Sarcopenia: Causas da perda muscular e soluções

Pequenos hábitos que enfraquecem os músculos incluem pular refeições, evitar proteínas, não praticar exercícios físicos suficientes e passar muito tempo sentado ou inativo. A inatividade é, inclusive, o principal fator de risco.

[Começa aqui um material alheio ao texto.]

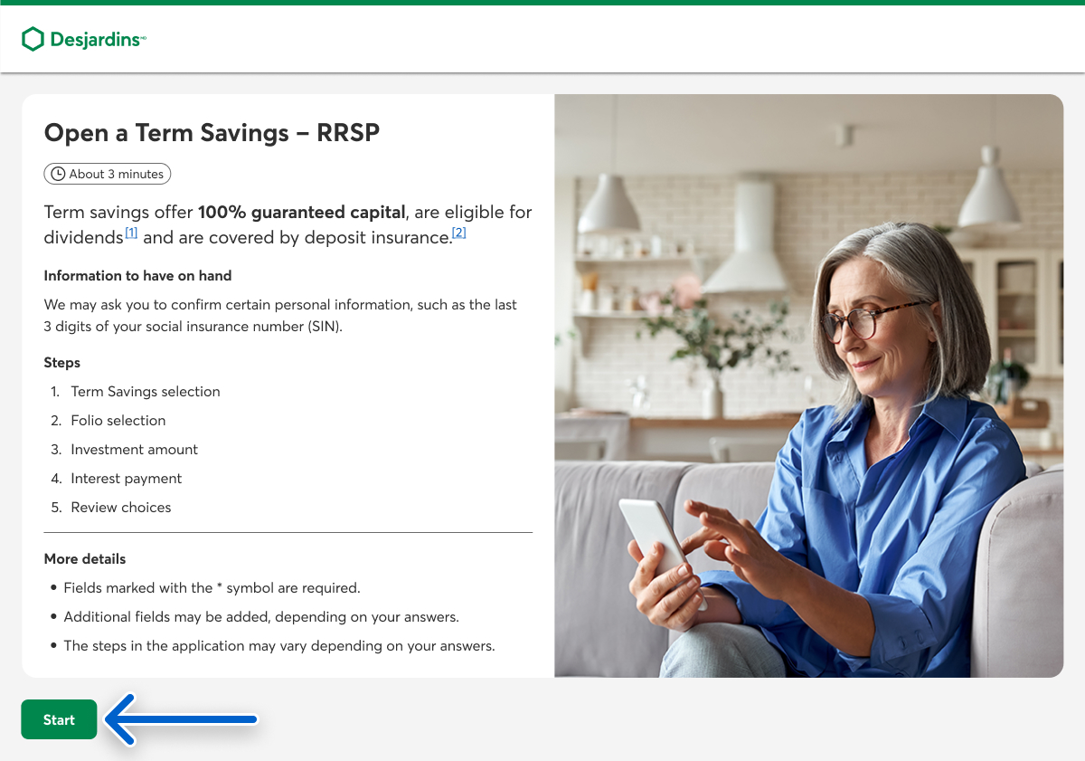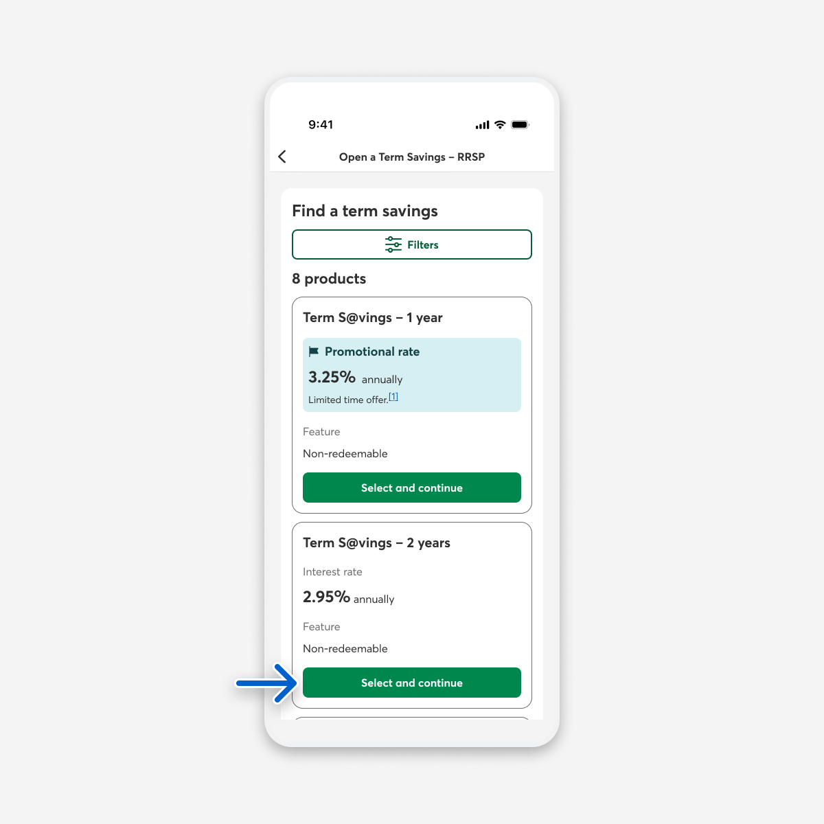 Under Choose a savings product, choose the Select and continue button for Term Savings.

E não podemos esquecer a deficiência de vitamina D, que é comum na França e afeta o tônus ​​muscular.

Algumas doenças silenciosas.

Diabetes, distúrbios da tireoide, inflamação crônica e até mesmo doenças neurológicas podem agravar a perda muscular, às vezes sem sintomas óbvios.

Como saber se seus músculos estão começando a falhar?
Você não precisa de equipamentos sofisticados para notar os primeiros sinais! Aqui estão alguns sinais de alerta: Sarcopenia: Causas da perda muscular e soluções.
Você tem dificuldade para se levantar de uma cadeira sem impulso.
Subir escadas faz você se sentir mais sem fôlego do que antes.
Seus braços e coxas parecem menos tonificados do que costumavam ser.
Você pode tropeçar e perder o equilíbrio, além de sentir um aumento da fadiga sem motivo aparente.
Se vários desses sintomas se aplicam a você, uma breve consulta com seu médico pode ser benéfica para avaliar sua condição.
Proteja seus músculos: bons hábitos diários
. A boa notícia é que podemos agir! Mesmo aos 70 anos, nunca é tarde para fortalecer os músculos. Você só precisa de um pouco de flexibilidade… e incentivo.

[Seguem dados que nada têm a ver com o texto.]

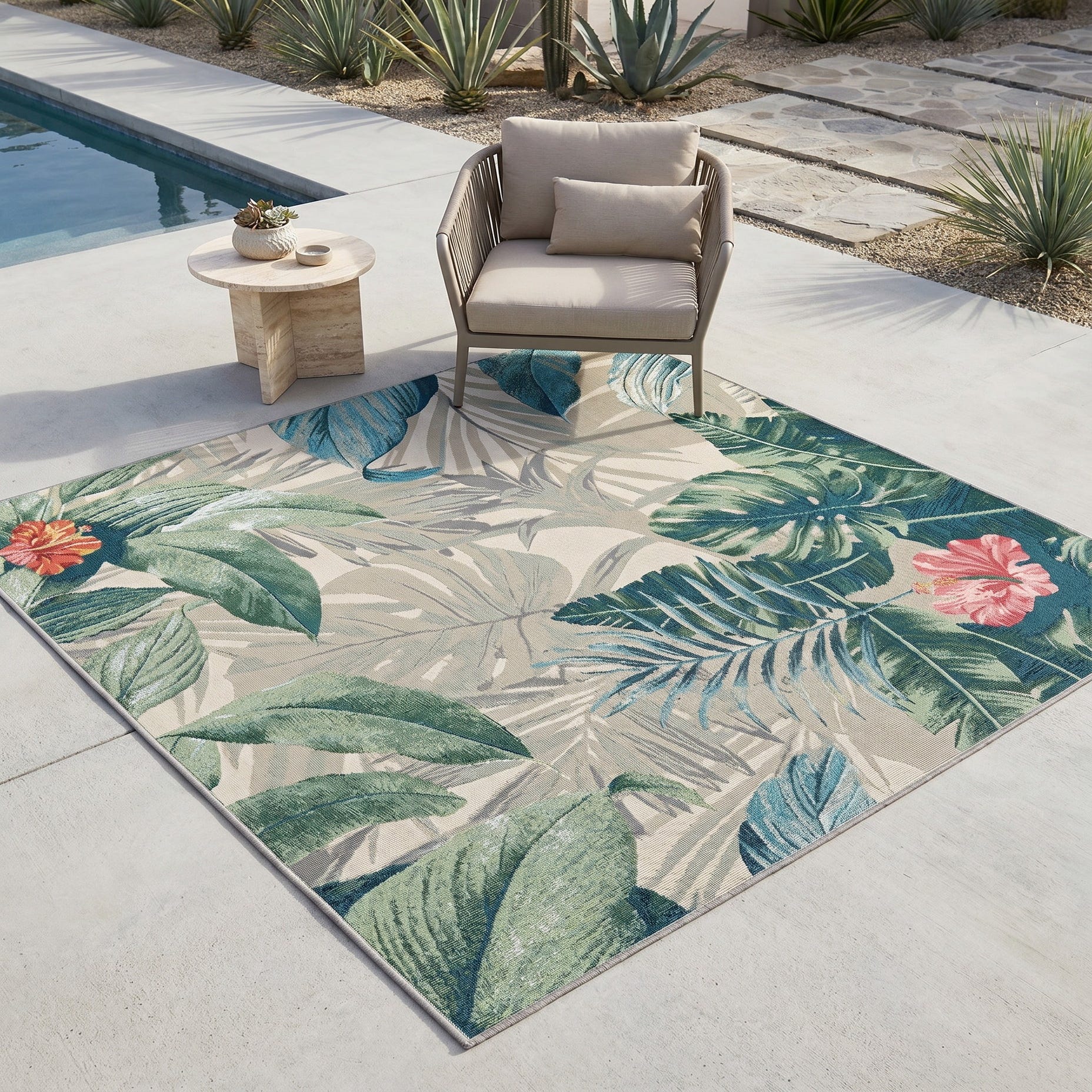 5' 3 x 5' 3 Easy-Clean Botanical Indoor / Outdoor Square Rug

Mexa-se com inteligência, mas mexa-se!
Você não precisa se tornar um maratonista. Os exercícios mais eficazes são simples: agachamentos, afundos, flexões leves, subir escadas ou até mesmo uma caminhada rápida. O importante é se movimentar todos os dias, mesmo que seja por apenas dez minutos. Yoga suave, Pilates, ciclismo ou natação também são ótimas opções.

Coma músculos!

A proteína é o principal combustível para os músculos. Procure consumir de 1,2 a 1,5 gramas de proteína por quilograma de peso corporal por dia. Algumas boas fontes incluem ovos, salmão, lentilhas, iogurte natural e até mesmo um pouco de queijo.

Em relação às vitaminas, priorize a vitamina D, o cálcio e os ácidos graxos ômega-3 (encontrados em peixes gordos, amêndoas e óleo de linhaça), além de manter uma ingestão adequada de água.

E se resolvêssemos isso?
Limitar o consumo de alimentos ultraprocessados, açúcar branco, gorduras saturadas e álcool em excesso, pois todos causam fadiga desnecessária.